(Your assignment) The output has to be the full set of records, reproduced exactly, minus any picture.

Dataset items:
• • • •

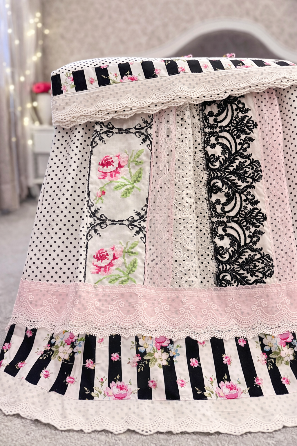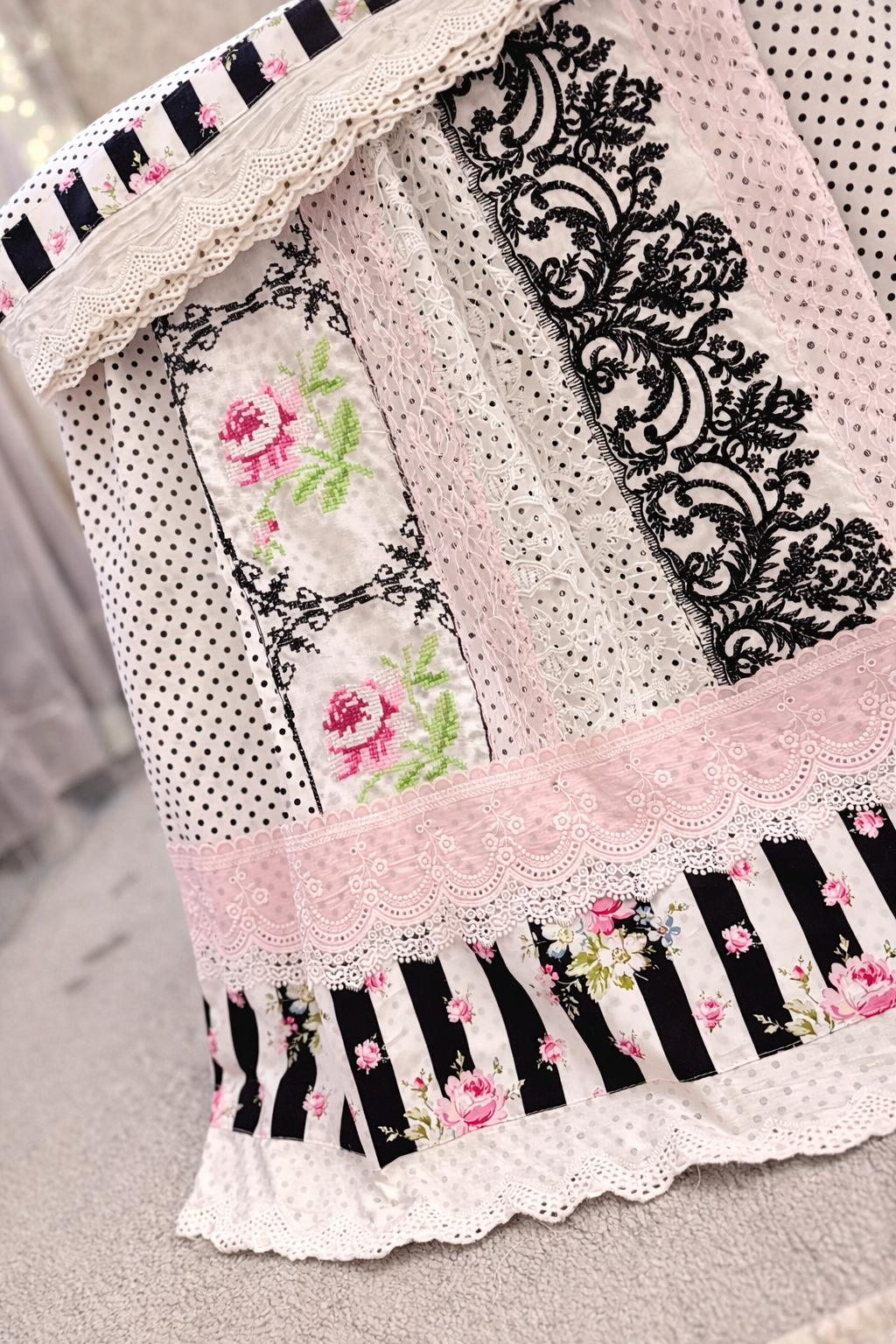 A celebration of timeless romance, Rose Époque brings together classic black-and-white stripes, delicate micro polka dots, and intricate baroque lace panels. Soft blush trims frame hand-detailed cross-stitch roses, creating a piece that feels curated, not crafted in haste.
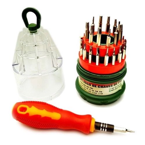 Kit de Ferramentas Chaves 31 em 1 com Torx, Allen, Fenda, Philips, Tri-Wing, Triangulo, Pentalobe, Spanner e Pino.
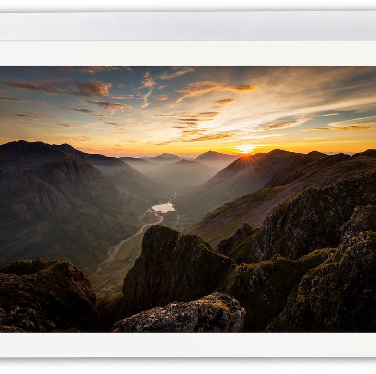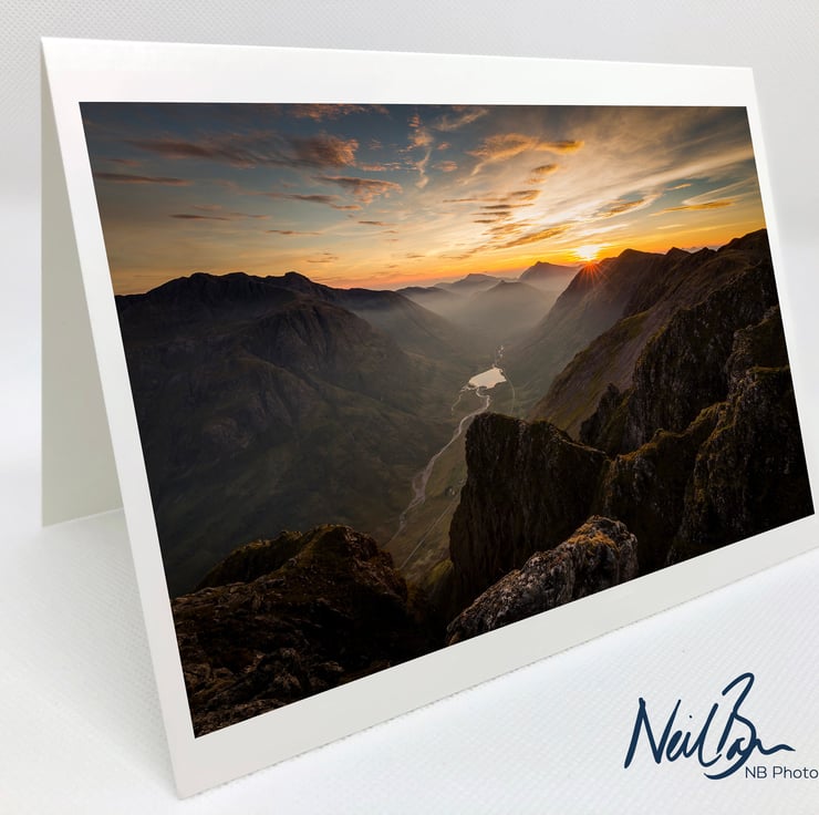 Image: "Glen Coe" - Sun setting over Glen Coe and the Aonach Eagach ridge, from Am Bodach, 29 September 2015 - by Scotland photographer Neil Barr
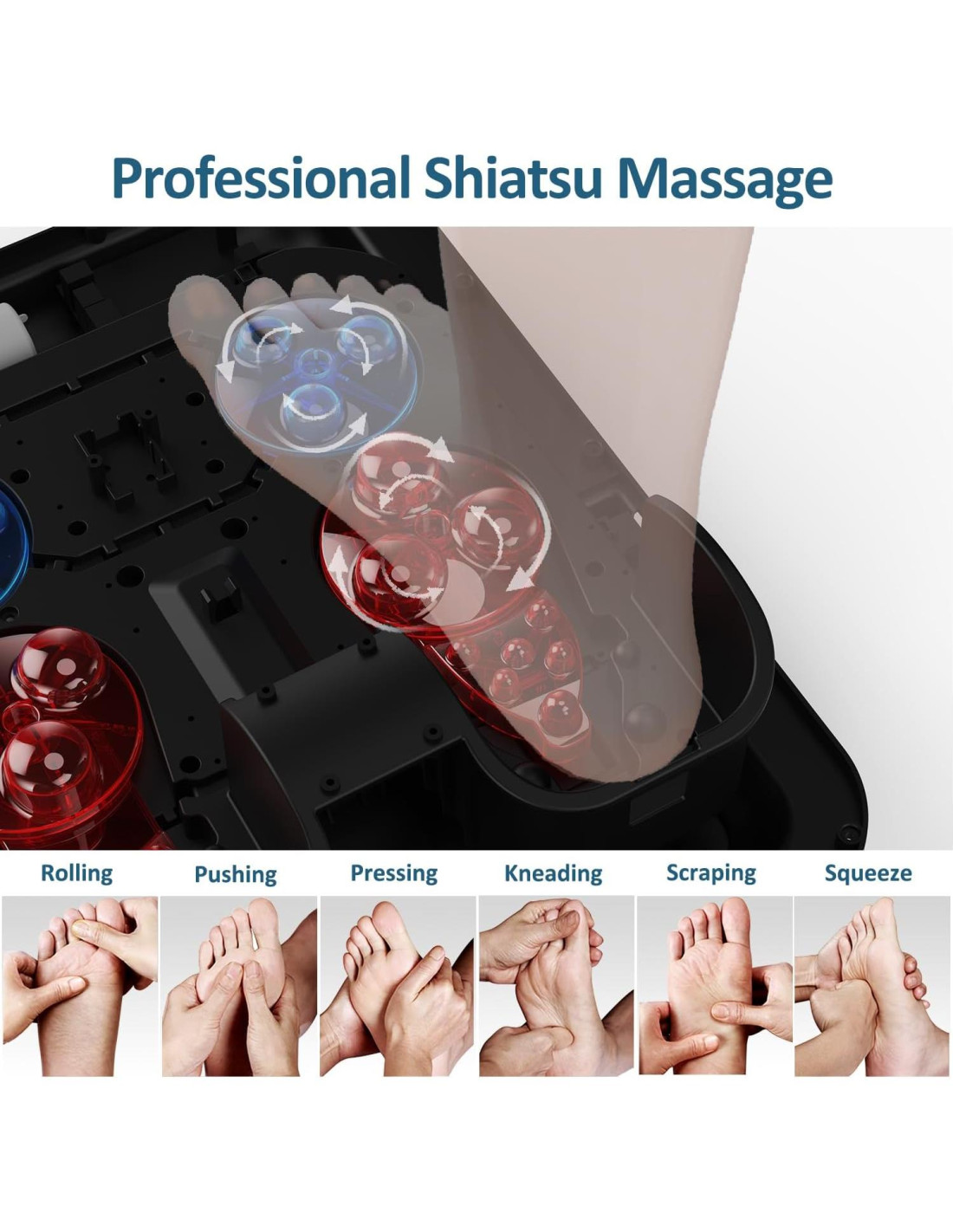 - Disfruta de un masaje shiatsu profesional con Mountrax. Está equipada con dos cabezales rodantes independientes con múltiples cabezales de masaje ergonómicos pequeños para masajear más áreas de tu pie para un masaje shiatsu mejorado. La compresión de aire de cobertura total te permite experimentar un amasado profundo y compresión. Te permite relajarte completamente después de un día ajetreado y aliviar los músculos cansados.
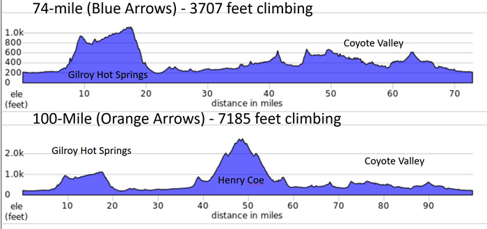 This century ride contains all of the options from the routes. First you climb up to Gilroy Hot Springs and descend Canada Rd. Then you go north past San Martin before starting the challenging climb up to Henry Coe. You next across Morgan Hill and climb up Willow Springs Rd, past Chesbro Reservoir then head south and stop at the Uvas reservoir rest stop before continuing to Redwood Retreat and the finish in Gilroy. Follow the orange arrows.
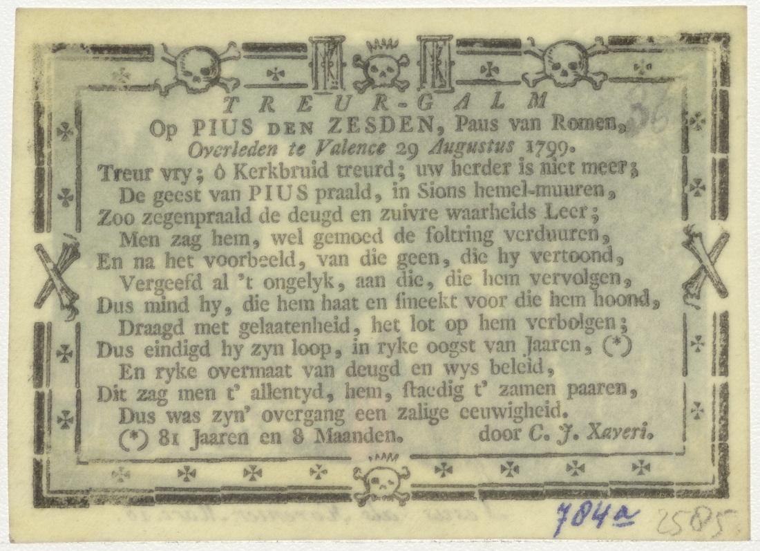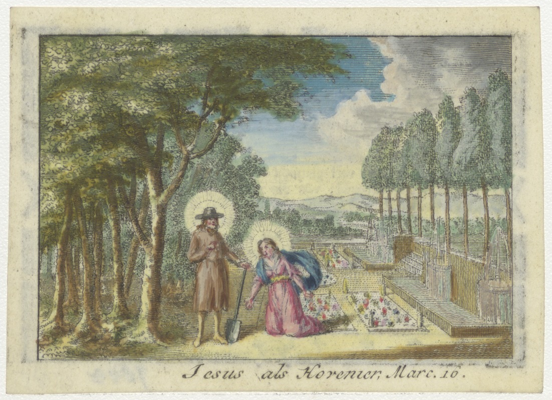 Christus als hovenier met H. Maria Magdalena, ingekleurd, kz. Religieus; bid voor Pius VI (+1799) Valence
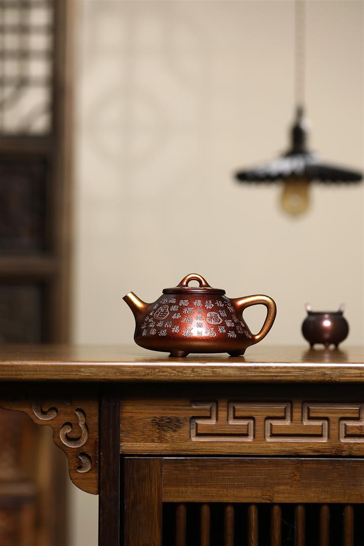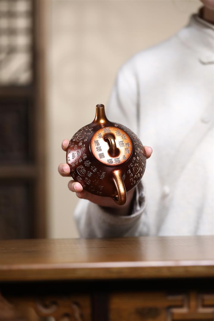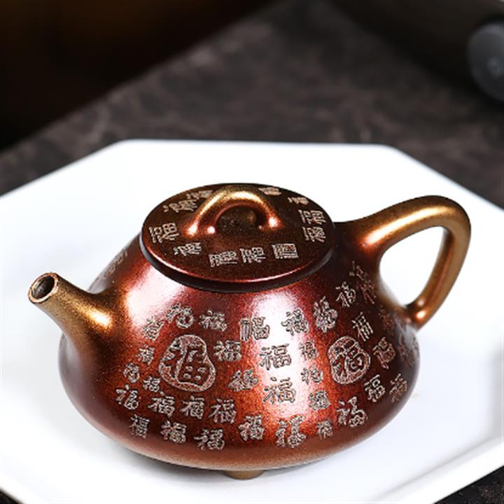 250cc原礦玄鐵石黃知足常樂泡茶壺POT8667

• • • •

(Your solution)
 A celebration of timeless romance, Rose Époque brings together classic black-and-white stripes, delicate micro polka dots, and intricate baroque lace panels. Soft blush trims frame hand-detailed cross-stitch roses, creating a piece that feels curated, not crafted in haste.
 Kit de Ferramentas Chaves 31 em 1 com Torx, Allen, Fenda, Philips, Tri-Wing, Triangulo, Pentalobe, Spanner e Pino.
 Image: "Glen Coe" - Sun setting over Glen Coe and the Aonach Eagach ridge, from Am Bodach, 29 September 2015 - by Scotland photographer Neil Barr
 - Disfruta de un masaje shiatsu profesional con Mountrax. Está equipada con dos cabezales rodantes independientes con múltiples cabezales de masaje ergonómicos pequeños para masajear más áreas de tu pie para un masaje shiatsu mejorado. La compresión de aire de cobertura total te permite experimentar un amasado profundo y compresión. Te permite relajarte completamente después de un día ajetreado y aliviar los músculos cansados.
 This century ride contains all of the options from the routes. First you climb up to Gilroy Hot Springs and descend Canada Rd. Then you go north past San Martin before starting the challenging climb up to Henry Coe. You next across Morgan Hill and climb up Willow Springs Rd, past Chesbro Reservoir then head south and stop at the Uvas reservoir rest stop before continuing to Redwood Retreat and the finish in Gilroy. Follow the orange arrows.
 Christus als hovenier met H. Maria Magdalena, ingekleurd, kz. Religieus; bid voor Pius VI (+1799) Valence
 250cc原礦玄鐵石黃知足常樂泡茶壺POT8667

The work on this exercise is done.